In 1977, when the United States wanted to ship natural gas from Alaska to the Lower 48, a deal was struck with Canada. It included a treaty that promised the free flow of hydrocarbons by pipeline from the U.S. to the U.S. – by way of Canada.
“It is clearly evident that by working together on this gigantic undertaking, both nations can derive benefits far outweighing those that either country could obtain by proceeding on its own,” said Allan MacEachen, then the deputy prime minister.
That gas pipeline was never built. The treaty was forgotten. But it may be about to come in handy, because 44 years later, Canada-U.S. pipeline politics have grown a lot less co-operative.
Americans burn the most oil of any country. They are laggards on climate policy. Yet it has become politically useful – and easy – for Democrats to burnish their green credentials by engaging in performative opposition to a few high-profile Canadian pipelines, even as they allow the U.S. oil industry and its pipeline network to expand.

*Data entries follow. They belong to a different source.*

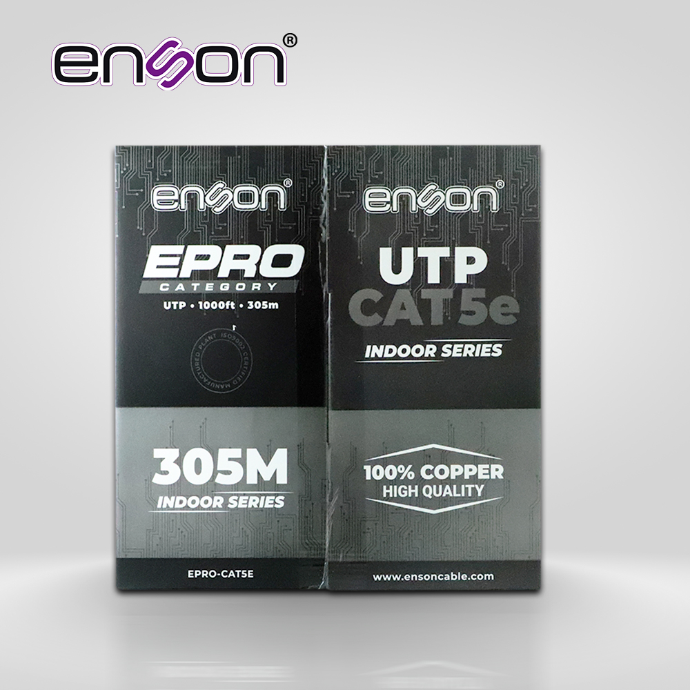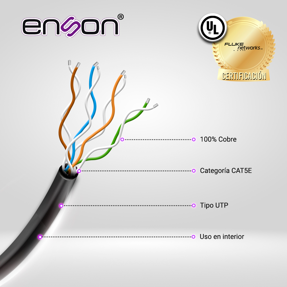 CABLE UTP CAT5E ENSON EPRO-CAT5E FORRO COLOR NEGRO PVC CM 4 PARES CALIBRE 24 AWG 100 CIENTO COBRE USO INTERIOR BOBINA 1000 PIES 305 METROS (CERTIFICACION UL)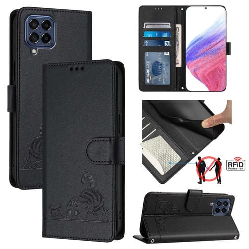 Estuche para teléfono Samsung Galaxy M53 5G Cuero Rfid patrón en relieve y cordón (Negro)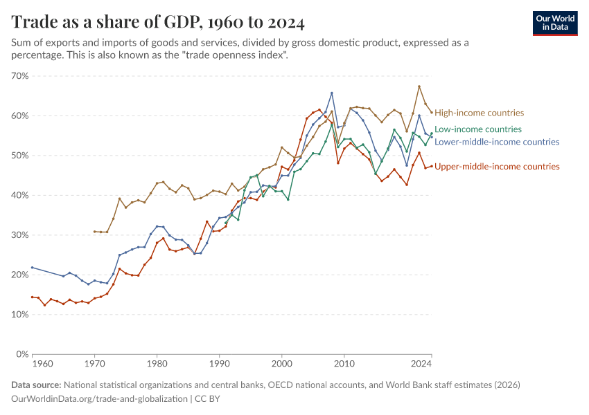 “Data Page: Trade as a share of GDP”. Our World in Data (2026). Data adapted from National statistical organizations and central banks, OECD national accounts, and World Bank staff estimates. Retrieved from https://index-dataset-dim.owid.pages.dev/grapher/trade-as-share-of-gdp [online resource]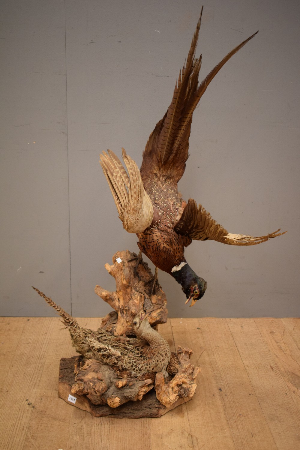 A TAXIDERMY PHEASANT DISPLAY WITH TWO BIRDS MOUNTED ON BURL TIMBER, 20TH CENTURY, 105CM HIGH

First there was president Barack Obama, who vetoed the Keystone XL pipeline in 2015. President Joe Biden reaffirmed that on his first day in office. For Canada, these American moves are a big, costly problem even though, as climate policy, they are empty gestures. The U.S. this summer used as much petroleum as it ever has.
Enbridge’s Line 5, which helps move Alberta and Saskatchewan oil to Ontario and Quebec – by way of Michigan – is the latest Canadian pipe in political crosshairs. It includes a seven-kilometre section on the lakebed at the Straits of Mackinac. Line 5 found itself turned into a political issue after an oil spill in 2010 from another Enbridge pipeline in southern Michigan. Shutting Line 5 was among Gretchen Whitmer’s promises when she became Governor in 2018. It was an obvious target, since most of what it carries is simply moving from Canada to Canada.
The fight between Michigan and Enbridge ended up in court and, after mediation failed last month, Ottawa invoked the Transit Pipelines treaty – the one drawn up to ship Alaskan natural gas south. The treaty’s wording calls for “uninterrupted transmission” of oil or gas starting in one country and going to that same country while passing through the other.
The first step is diplomatic negotiation. Binding arbitration could follow. A win is not assured.
Canada’s national interest is once again snarled in the web of American politics. Blocking a planned pipeline such as Keystone XL was bad enough. Threatening to close a decades-old link that delivers a key supply of oil to Ontario and Quebec is much more hostile.
The Biden administration would prefer to ignore Ms. Whitmer’s gambit; a close ally of the President, she seeks re-election next year. For her, opposing Line 5 delivers political returns, with costs borne by Canada.
It’s true that the world is entering an energy transition to lower carbon emissions. But it’s called a transition for a reason: Neither Canada nor the U.S. is in a position to go cold turkey on fossil fuels. This month, the price for a barrel of oil has spiked toward US$80, as a recovering global economy meets constrained supply. Natural gas prices have had an even more rapid run-up. Both stoke inflation.
The fuels in Line 5, and in scores of other pipelines criss-crossing North America, will some day be a lot less important. But that day is in the future. Right now, Line 5 matters to the lives of millions of people, and to Canada’s economy.
If the pipeline were to be blocked, oil would still move from Western Canada, though by more circuitous routes, such as rail. Canada might also end up importing more oil from abroad – possibly from the U.S.
In Michigan, Ms. Whitmer has made her political calculation. She’s not trying to shut down her state’s only oil refinery, in Detroit. She’s not against the building of gas-guzzling F-150s at Ford’s Dearborn Truck Plant, nor is she aiming to raise the price Michiganders pay for gasoline. She’s simply making as much noise as possible about a pipeline whose closing would mostly affect people who are not her constituents.
All of which leaves Canada in a difficult place – having to rely on an old, dusty and never-used treaty to get Washington’s attention.